Please?Could a mod please fix the topic title? The book is called "The Children of Kings", not "The Children of the Kings".
I'm looking forward to this- an exploration of Orion culture aND history seems long overdue- but sadly it must wait unrtil exam period is finished. I'll have quite a backlog of novels to look forward to. I have glanced througj it, and what 've seen looks interesying.
please excuse my drunkneness. Annual tradition. I'll be myself again tomorrow.![]()
ETA: looks like the ref to NCO Colt as an Ensign was a one-off, tho the spelling of Ilyria as "Illyria" and as a colony I suspect was due to an old error at Memory Beta.
I see you're in Brooklyn - where did you find the book? I work in Manhattan...
Barnes and Noble.
Cool, thanks. I just found a copy in the Penn Station Borders this morning!
ETA: looks like the ref to NCO Colt as an Ensign was a one-off, tho the spelling of Ilyria as "Illyria" and as a colony I suspect was due to an old error at Memory Beta.

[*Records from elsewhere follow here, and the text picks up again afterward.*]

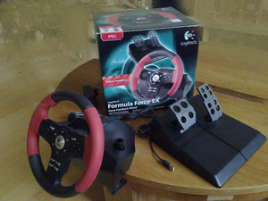 Руль с педалями Logitech Formula Force EX, очень мало играли. Меняю на смартфон, игры для PS3 или джойстик.
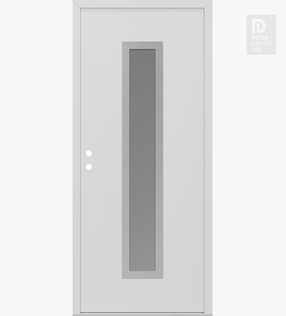 Modern Steel Front Door DIAMOND A11 36" X 80" BLACK/WHITE FROSTED GLASS PANEL STAINLESS STEEL LHI
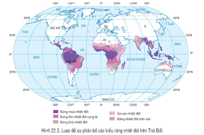 Câu hỏi 1 SGK Địa lí 6 Cánh Diều Bài 22 (trang 182): Đọc thông tin và quan sát hình 22.3, hãy xác định phạm vi phân bố của các kiểu rừng nhiệt đới trên Trái Đất?
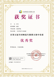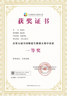 5月,第五届全国师范生微课大赛获奖名单揭晓,Beat365唯一官方网站张思凡获得一等奖1项,高瑞、李雪获得优秀奖2项。
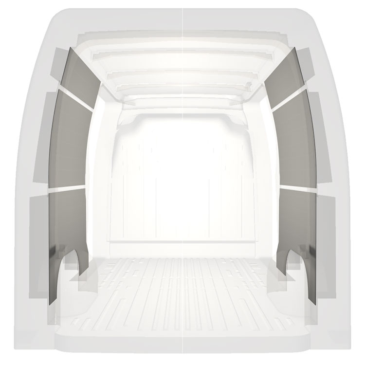 W celu optymalizacji masy, wycięte fabrycznie okładziny do samochodów dostawczych są dopasowane do przestrzeni między belkami pojazdu, co zapewnia ich nieinwazyjność oraz pozwala zmaksymalizować dostępną przestrzeń.
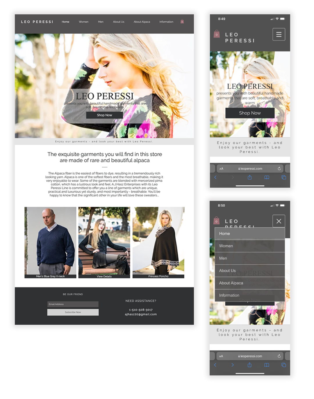 Leo Peressi invested in creating an intuitive and visually appealing e-commerce website. The website featured a user-friendly interface, showcasing the various alpaca sweaters available, along with detailed product descriptions, sizing charts, and high-resolution images. The site was optimized for seamless browsing and easy navigation, ensuring a positive user experience.
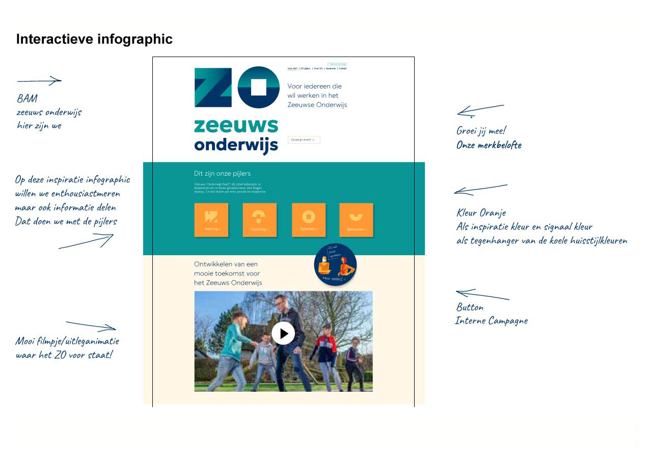 De nieuwe huisstijl en een heldere strategische interactieve infographic brengen de complexe samenwerking in het Zeeuwse onderwijs helder in kaart. Dit visuele instrument zorgt voor een gemeenschappelijke taal en focus op de vier essentiële pijlers: werven, matchen, opleiden en behouden. Hiermee creëren we eenduidigheid en verspreiden we de visie. De infographic is dé tool om Duidelijkheid over samenwerken in het onderwijs van de Zeeuwse toekomst te krijgen!
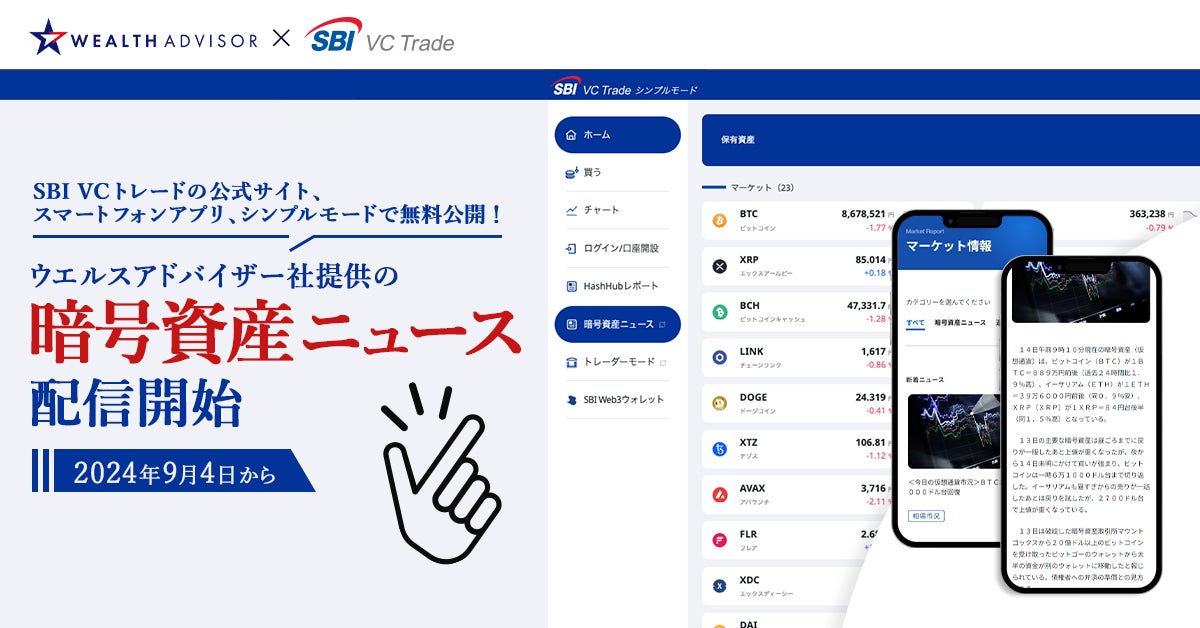 ウエルスアドバイザー社提供の暗号資産ニュース配信開始~SBI VCトレードの公式サイト、スマートフォンアプリ、シンプルモードで無料公開~
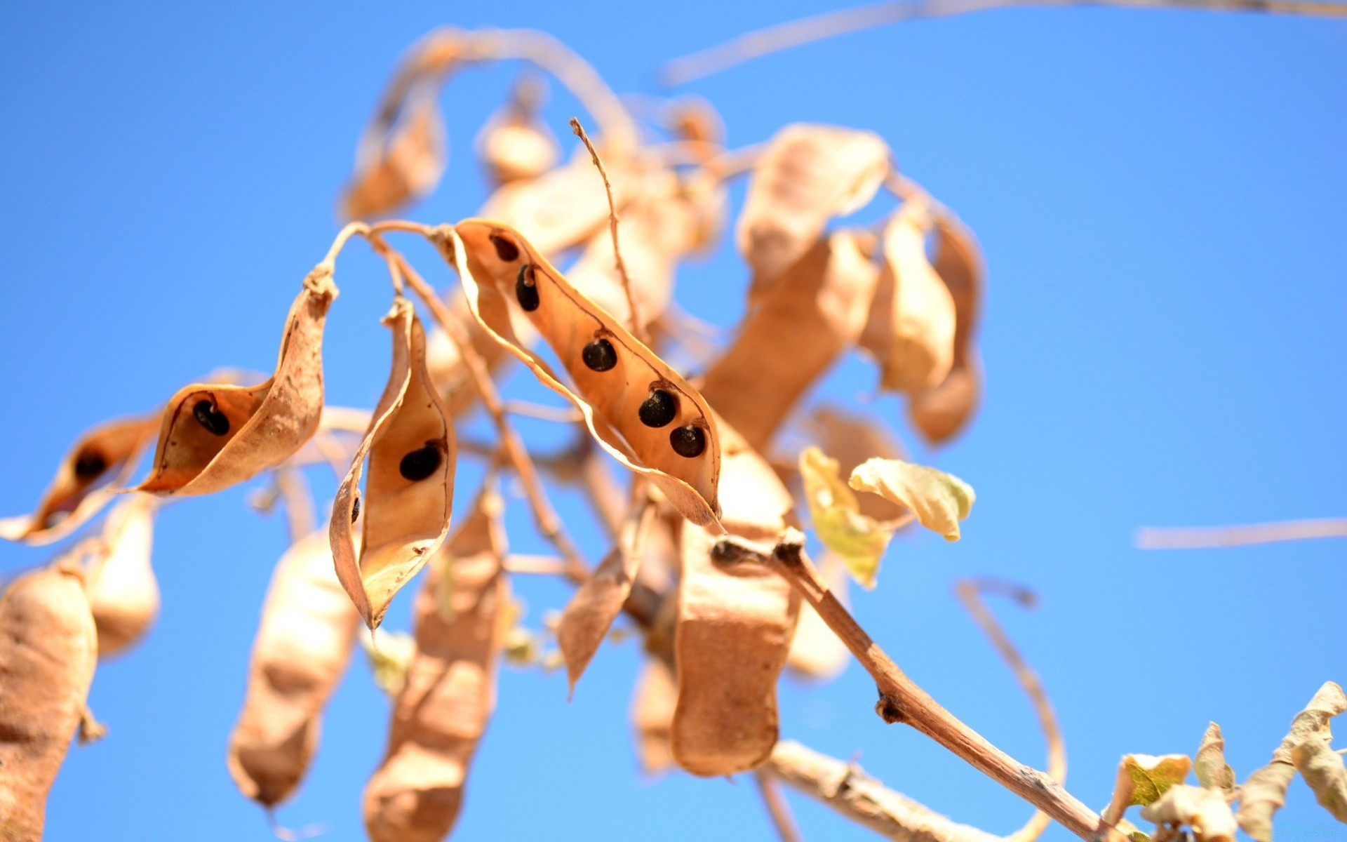 Ein vertrockneter einsamer Baum vor dem Hintergrund des Nachthimmels
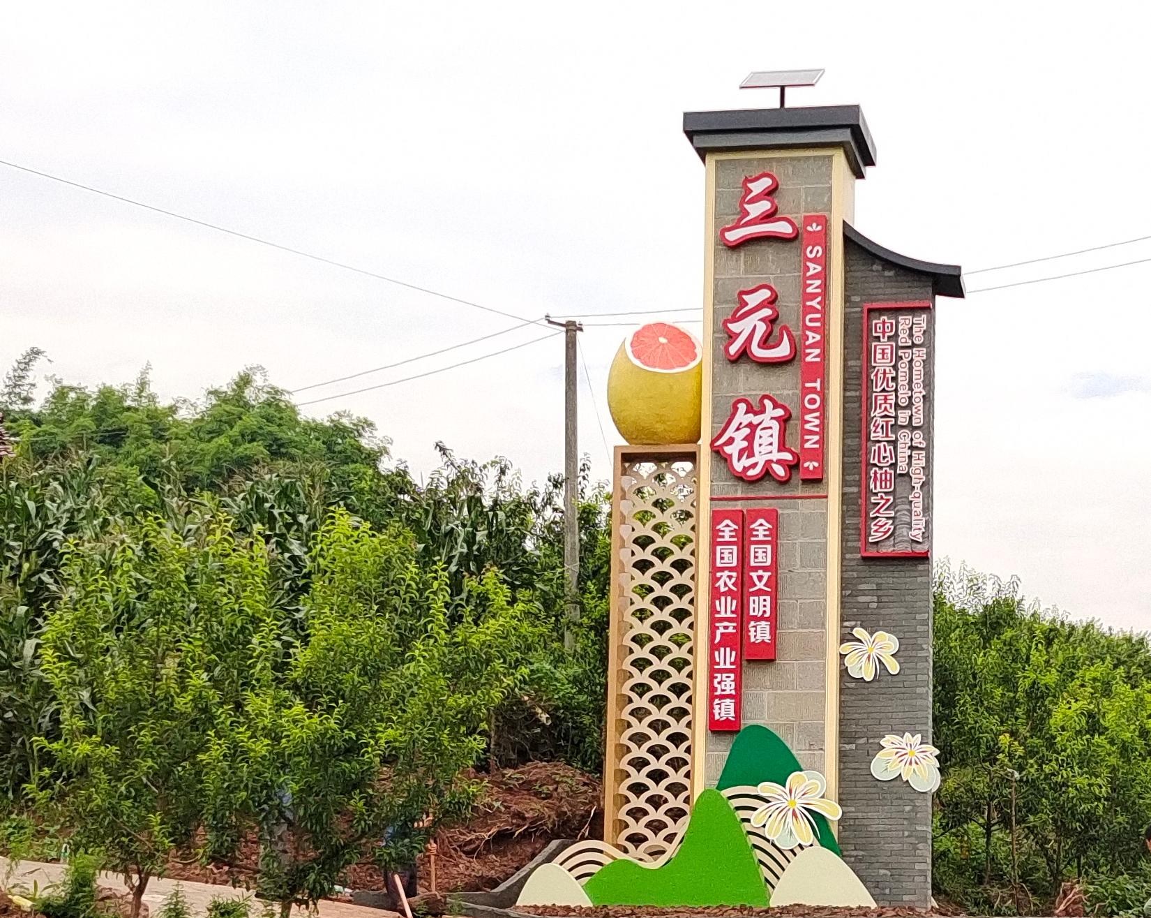 以豐都縣三元鎮(zhèn)為例,笨鳥團隊結(jié)合三元鎮(zhèn)道路交通實際現(xiàn)狀,沿著交通干道規(guī)劃、設(shè)計、制作、安裝了“產(chǎn)業(yè)精神堡壘、產(chǎn)業(yè)信息牌”等設(shè)施。這些設(shè)施采用簡約風(fēng)格,統(tǒng)一主色調(diào)和設(shè)計式樣,與村情、村容、村貌、村景融為一體,不僅為小鎮(zhèn)增添了美麗的風(fēng)景線,還向外來游客展示了三元鎮(zhèn)在現(xiàn)代農(nóng)業(yè)、鄉(xiāng)村旅游等產(chǎn)業(yè)發(fā)展方面的現(xiàn)狀。此外,三元鎮(zhèn)還建設(shè)智慧化紅心柚產(chǎn)業(yè)園,打造以三元鎮(zhèn)為中心的紅心柚產(chǎn)業(yè)示范帶,探索紅心柚產(chǎn)銷園綜合體,讓更多游客走進三元鎮(zhèn),品嘗紅心柚,體驗鄉(xiāng)村文化,實現(xiàn)鄉(xiāng)村振興的美好愿景 。
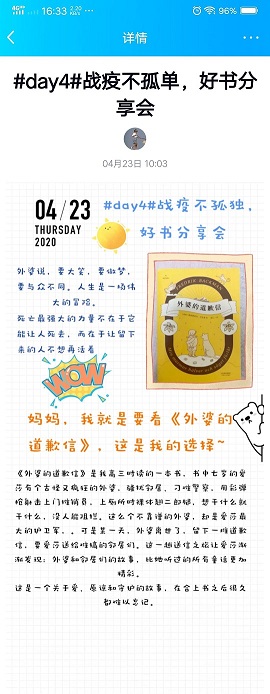 4月23日,值此第25个世界读书日到来之际,beat365在线唯一官网依托线上平台,举办以“共战‘疫’不孤‘读’,好书分享会”为主题的世界读书日特别活动,鼓励土建学子好好读书、累积学识、颐养脾性。
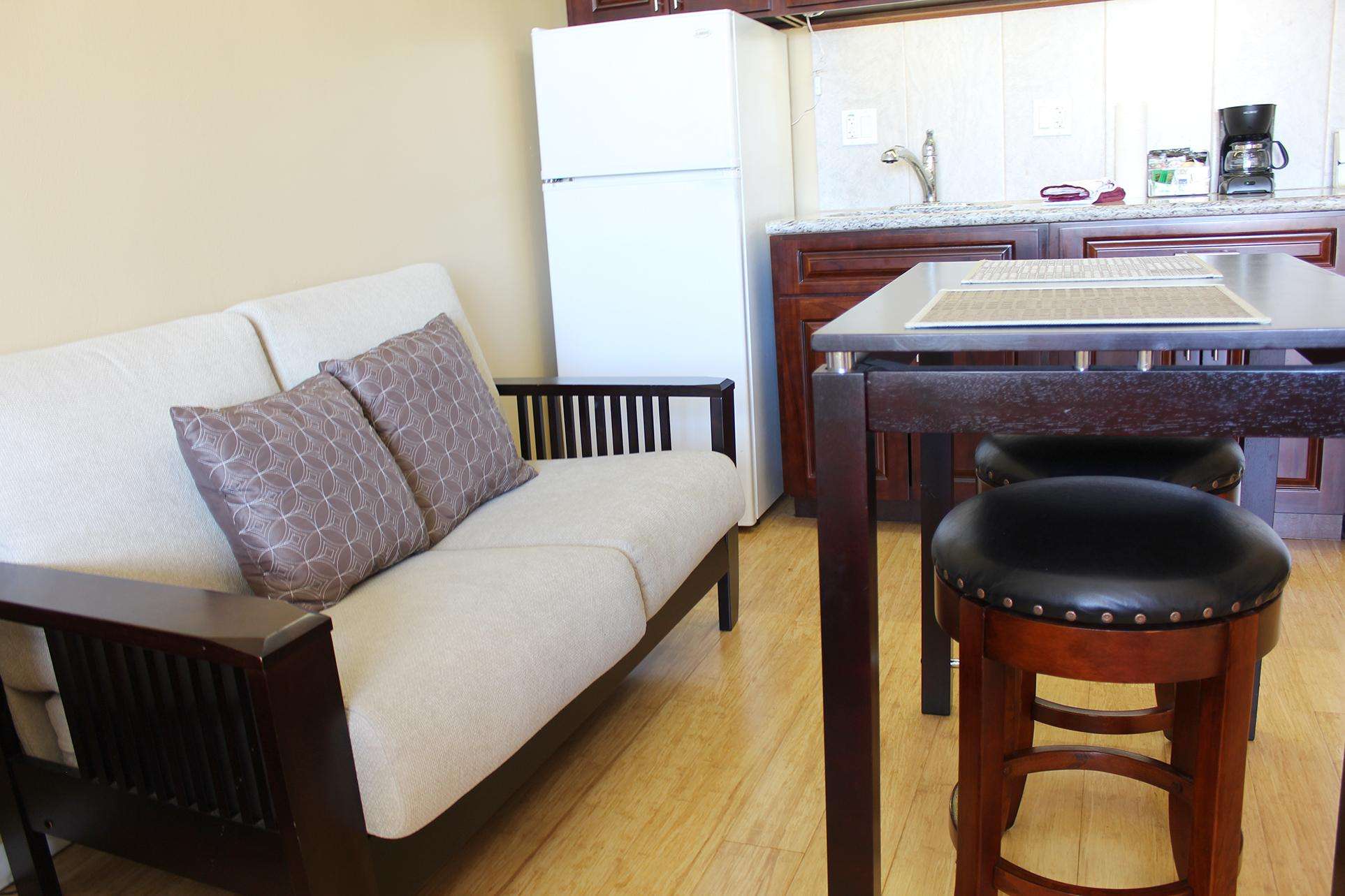 Living - WiFi, Balcony/Lanai, Parking Included, Bed linens, towels, beach towels, Air Conditioning (Window), Non-Smoking, Kitchenette (no dishwasher), King Bed, Ironing Board and Iron, Dishes-Silverware, DVD, Flat Screen TV, Hair Dryer, Vacuum Cleaner, Window A/C, Laundry Facilities on Each Floor, Access Bathroom from Living Area, Clock Radio
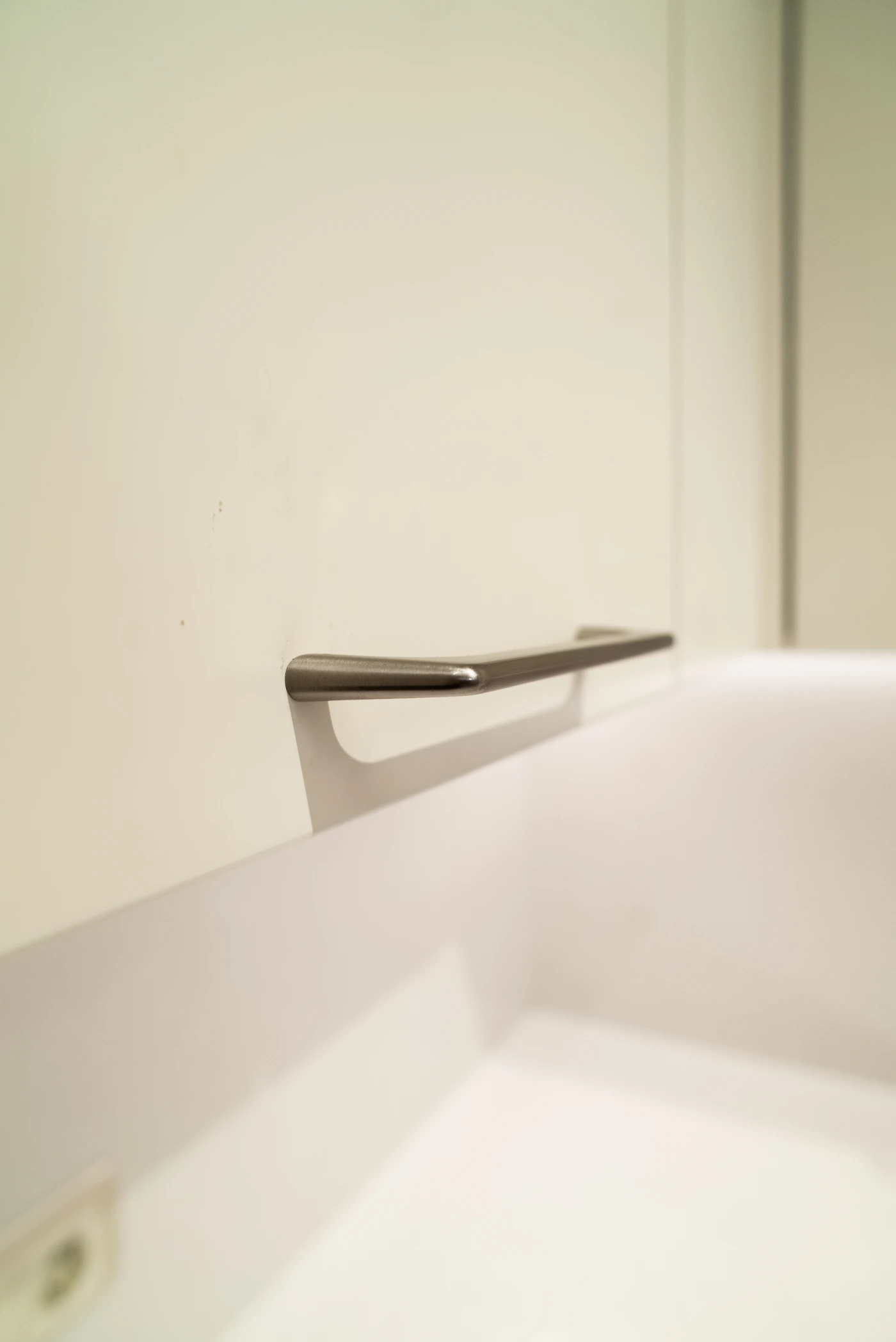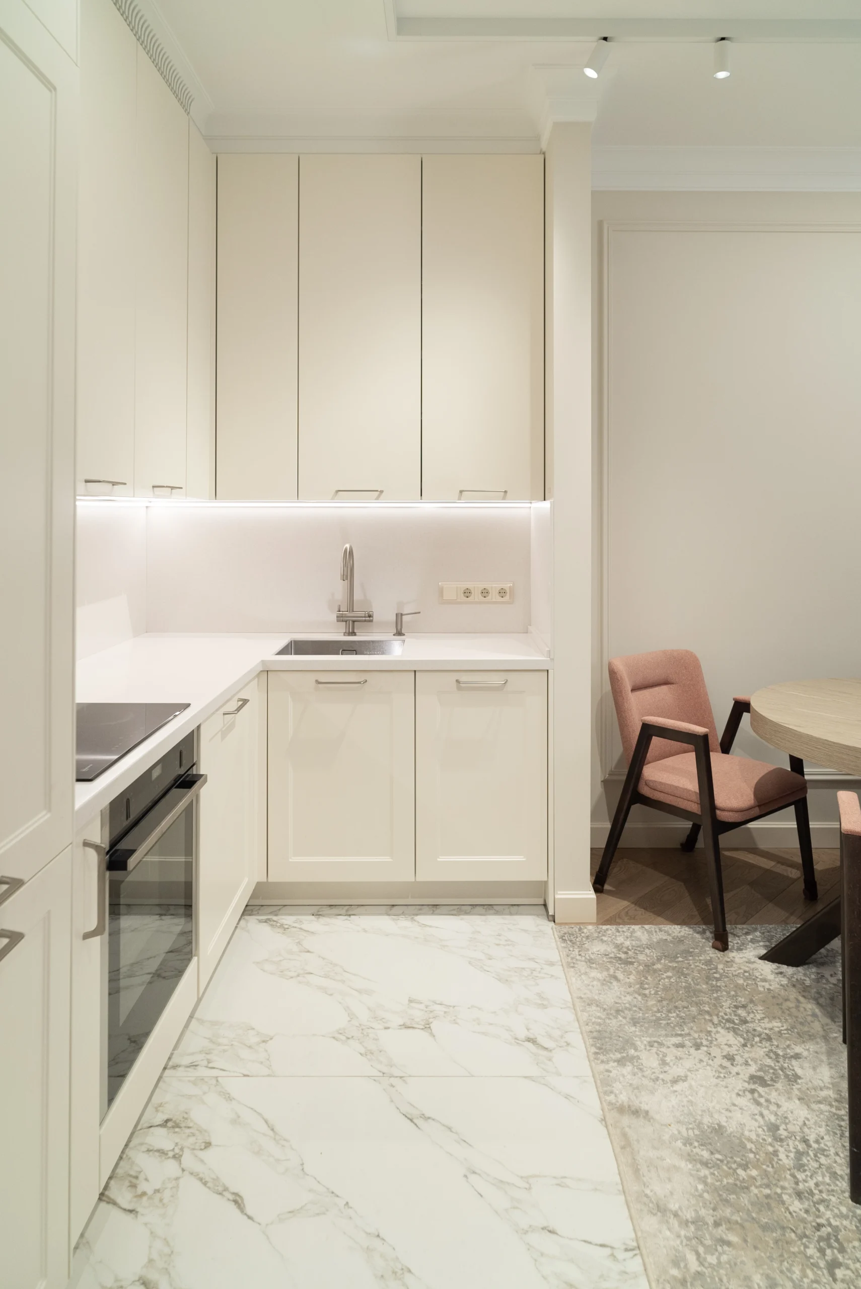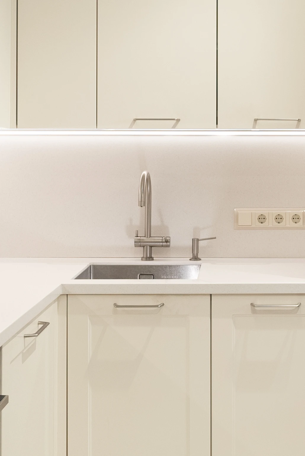 Классическая угловая кухня в потолок с двумя видами фасадов. Нижние базы и колонны выполнены с фасадами с изящной филенкой теплого белого оттенка магнолия. Высокие навесные шкафы исполнены в прямом варианте в потолок. Металические лаконичные ручки гармонируют со смесителем, дозатором для моющих средств, встроенным в кварцевую столешницу и мойкой подстольного монтажа.
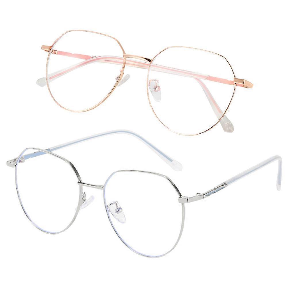 Gold and Silver Metal Frame Eyeglasses for Wearing 2Pcs Anti-Blue Light Blocking Glasses

Not necessarily. There are a number of clear differences from canon here. Garison is a lieutenant instead of a chief petty officer, Pitcairn is chief engineer instead of transporter chief, the Klingons already have a prototype cloak in the 2250s, and there's even a reference to the Ferengi. Plus it's evidently before "The Cage" yet Colt is already Pike's yeoman, rather than the replacement for the one he lost on Rigel VII immediately before "The Cage." I was confused at first, until I read the author's note at the end, where Stern says that the new film continuity "freed [him] of the need to write specifically to one vision of humanity's future" and that the book shows "the Enterprise as it might have been under Captain Christopher Pike." He calls it a "prequel" to the movie, though it can't be, since the movie showed the Enterprise's maiden voyage. So it's not quite in the Prime universe and it's not quite in the Abramsverse. It's apparently sort of a stealth Myriad Universes tale, an alternate take on Pike's captaincy and on the astropolitical situation of the 2250s.
It's an interesting approach. I'd imagine it's a product of the period when the editors weren't sure how to deal with the new continuity and were developing projects adaptable to either timeline, or at least not specifically bound to either one.
I have a quick question. Does this book go before or after "Inception" chronologically?
This book is ok but it bugs me how thehow the Starfleet Intelligence aspect is handed. Now what they were doing, that's fine but the aftermath of Pike killing the two Starfleet Intelligence officers. That plotline just stops dead, nobody mentions it, none of the characters seem to care. It's like that was suppose to go further but the author just ran out of pages or ran out of interest in it.